In a large number of wells situated on the Gertrud Plateau and in the Feda Graben, the Ravn Member is characterized by rather poor reservoir properties, as the sandstones may be cemented by calcite and, moreover, the pores are to some extent filled with diagenetic clay (illite). In such tight Ravn Member reservoirs, the porosity is generally below 15% and the permeability is in the range 0.1–1 mD, as observed in the cores from Ophelia-1, Jeppe-1 and Rita-1 (Fig. 12). A low-porosity Ravn Member has also been encountered in the 2/12-1, Gert-1 and Hejre-1 wells. Despite such low porosities in the Ravn Member reservoir, oil has been encountered in both the Ophelia-1 and Rita-1 wells. It appears that the back-barrier and shoreface sandstones of the Gert Member in general have a better reservoir potential than the shoreface sandstones of the Ravn Member.
Palaeogeography
Regressive to transgressive shoreface sandstones of the Ravn Member were deposited during the Late Kimmeridgian on the Gertrud and Heno Plateaus and cover a large area of the northern Central Graben (Fig. 9c–e). The plateaus were flanked by two deep, broad graben areas: the Feda Graben to the NW and the Tail End Graben to the SE. The basal regressive shoreface sandstones were probably formed due to a pause in fault activity and subsidence (Andsbjerg & Dybkjær 2003). Subsequently, the shoreface sandstones back-stepped during renewed subsidence (Fig. 9d). The shoreface sandstones of the Ravn Member are comparable to Upper Jurassic sandstones of the UK Fulmar and Norwegian Ula Formations (Fraser et al. 2003). At this time, the Mid North Sea High reached as far east as the Inge and Mads Highs and contributed much of the sand to the Heno and Gertrud Plateaus, although sand was probably also derived from the Mandal High, NE of the Gertrud Plateau (Fig. 9c–e). Farther out in the basins, claystones of the Farsund Formation were deposited.
In the latest Kimmeridgian, the previously positive Heno and Gertrud Plateaus were transgressed both from the NW from the Feda Graben and from the SE from the Tail End Graben. Later the Gertrud Plateau began to subside and was thus transformed into a graben (henceforth the Gertrud Graben) (Japsen et al. 2003; Møller & Rasmussen 2003).
Upper Kimmeridgian to Lower Volgian gravity-flow sandstones
Distribution and stratigraphy
Thin sandstone units, 0.1–5 m thick, are interbedded with the offshore claystones of the Farsund Formation in the Tail End Graben (Svane-1 and Amalie-1) and the Søgne Basin (Lulu-2, Cleo-1 and 3/7-6) (Figs 6–8 & 9c–f).
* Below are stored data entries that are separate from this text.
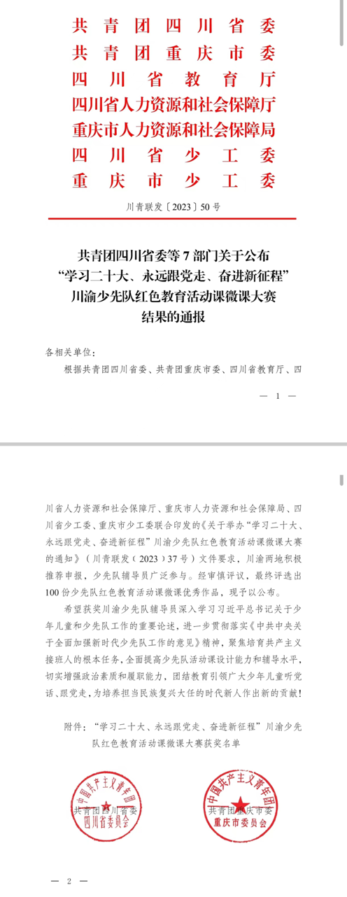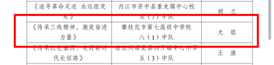 近日,根据《共青团四川省委等 7 部门关于公布“学习二十大、永远跟党走、奋进新征程”川渝少先队红色教育活动课微课大赛结果的通报》,攀枝花市第七高级中学校八(1)中队尤聪老师指导的红色教育活动微课《传承三线精神,激发奋进力量》荣获省一等奖!
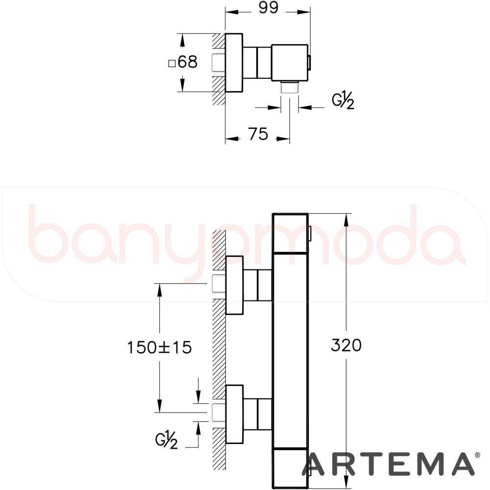 | Ürün Adı: | Artema Base Square Termostatik Duş Bataryası, Mat Siyah |
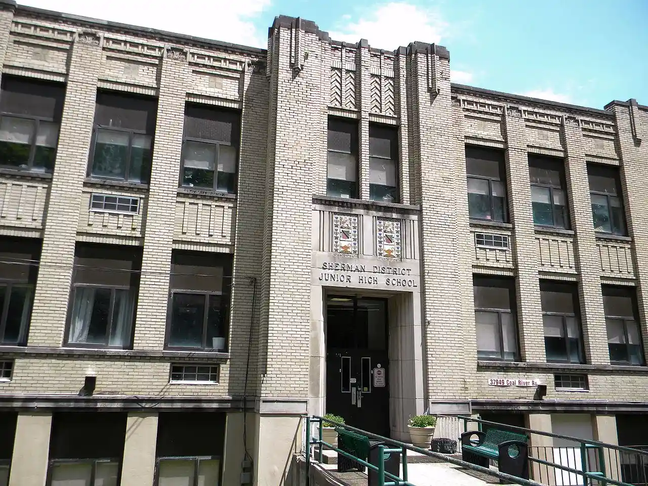 Whitesville School, also known as Sherman District Junior High School, Whitesville Junior High School, and Whitesville Elementary School, is a historic school building located at Whitesville, Boone County, West Virginia. It was built in 1931, and is a two-story, blonde brick Art Deco style building. It sits on a raised basement and has an original two-story gymnasium/auditorium addition in the rear. It features two entrance areas that extend from the main elevation and upward through the roofline in a "tower" formation. Read more on Wikipedia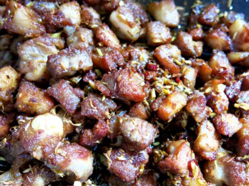 Ba rọi xào mắm ruốc ăn với cơm nóng, kèm vài miếng dưa chua, thành bữa cơm đơn sơ mà tốn cơm. Có thể ăn ngay hoặc bỏ hũ ăn dần.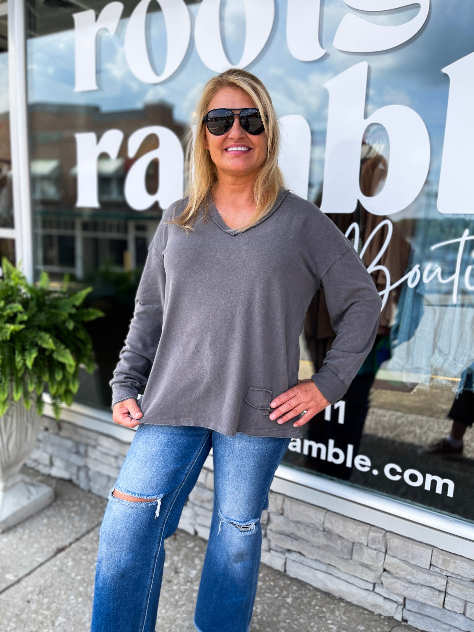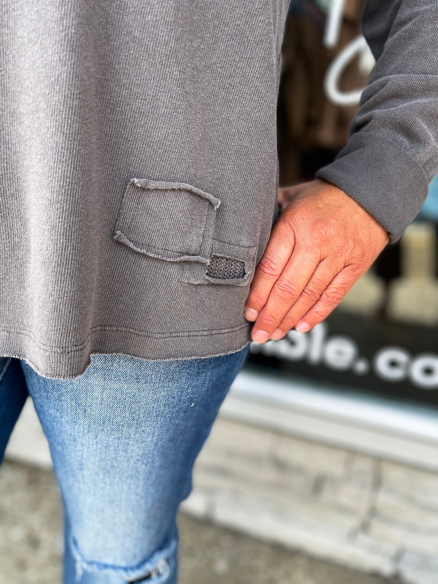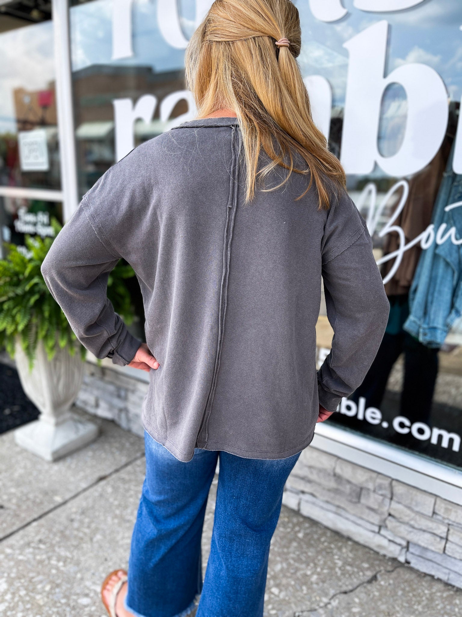 Laid-back and lived-in 💠This mineral washed charcoal long sleeve tee features a relaxed fit, raw edge v-neckline, and a tiny front patch for a touch of detail. Soft, easy, and made for everyday wear—just throw it on with your favorite jeans and go.
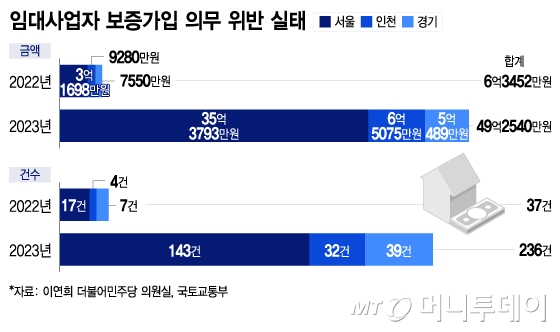 6일 국회 국토교통위원회 소속 이연희 더불어민주당 의원실이 국토교통부로부터 제출받은 임대사업자의 보증가입 의무 위반 실태점검 결과에 따르면 지난해 위반 건수는 236건, 액수는 49억2540만원으로 집계됐다.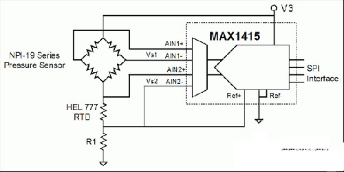 图 8 结合了图 5 和图 6 中的设计理念,采用一个很简单的电路,以单个电阻作为基准同时测量温度和压力。Vs1 和 Vs2 的幅值相差很大。这个差值可通过改变 ADC (例如 MAX1415)内置可编程增益放大器(PGA)的增益进行调节。这些转换器允许 PGA 对每个通道都设置不同的增益。增益的改变可使公式 4 中的 K 值改变,因此,允许单个参考电压能够适应较宽范围的输入电压。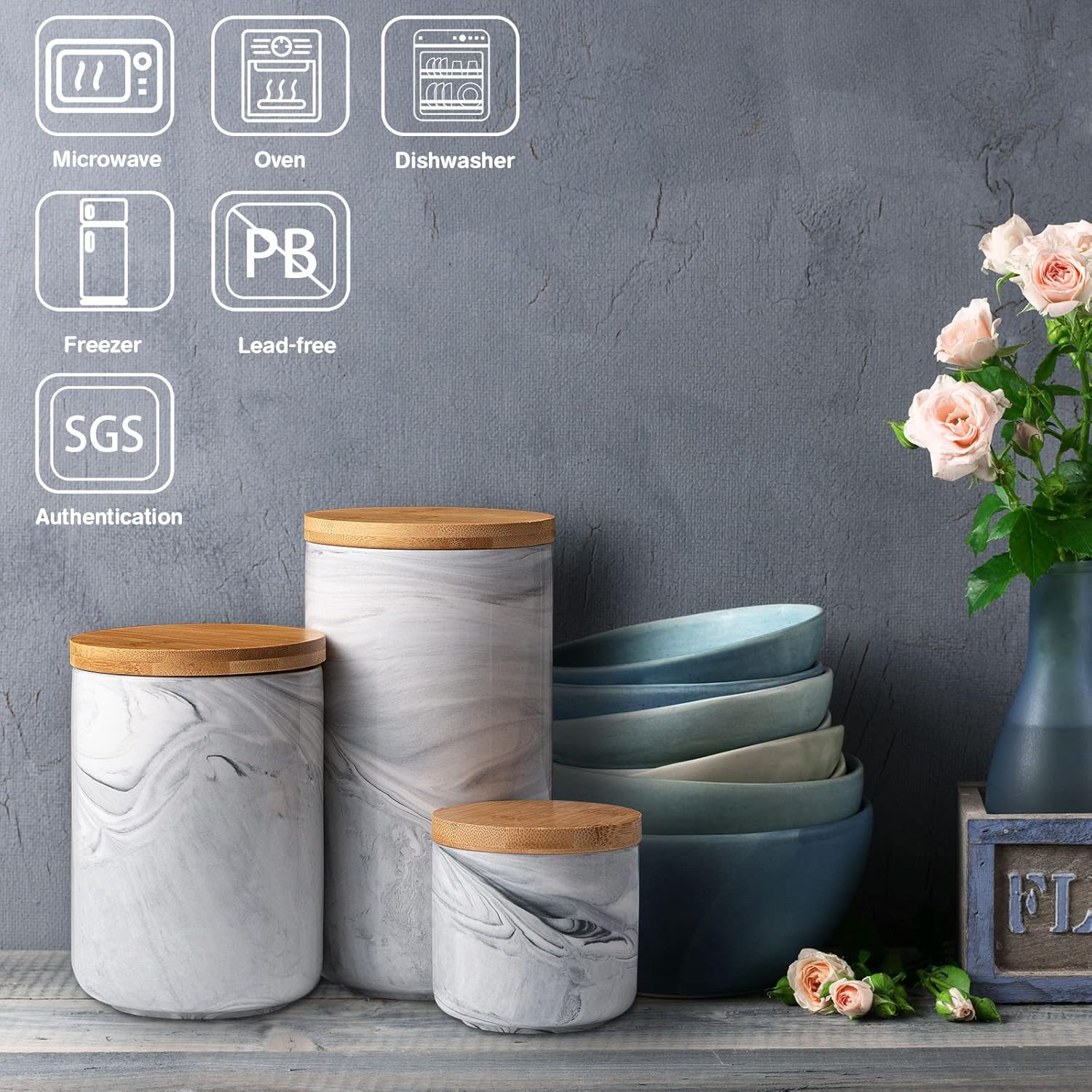 - [Airtight Ceramic Kitchen Canister]: Made of porcelain, lead-free, and lightproof.The silicone seal ring of the wood lid makes the white kitchen canister air-tight. To be sure they’re airtight, you’ll hear that satisfying “pop” when you open the sugar canister!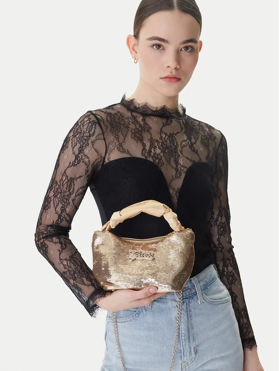 Torba Guess je stilizirani dodatak koji će oduševiti svaku mladu fashionistkinju. Izrađena od visokokvalitetnog tekstilnog materijala, savršeno spaja laganost s elegancijom. Njezina mala veličina čini je idealnom za sitnice, a mekana konstrukcija pruža udobnost pri korištenju. Ukrašena sjajnim šljokicama, torba privlači poglede i daje jedinstveni karakter svakoj kombinaciji. Priključeni lanac je praktičan i stiliziran akcent koji omogućuje nošenje na različite načine. To je dodatak koji će istaknuti jedinstveni stil svake djevojčice.

The sandstones are probably of Late Kimmeridgian to Early Volgian age, but are poorly dated.
Depositional environment
In the Lulu-2 well, two sandstone beds (2 and 5 m thick respectively) are encountered. A 36 m long core shows that the sandstones are fine-grained and interbedded with parallel laminated, mostly non-bioturbated claystones. The two sandstones are mostly structureless, but cross-lamination has been observed locally. Thin siltstone and very fine-grained sandstone laminae are often slumped. Partial Bouma sequences occur. The siltstones and fine-grained sandstones were probably deposited from turbidity currents while anoxic conditions prevailed at the sea-bottom. The sediments have also undergone slump processes (Johannessen 1997).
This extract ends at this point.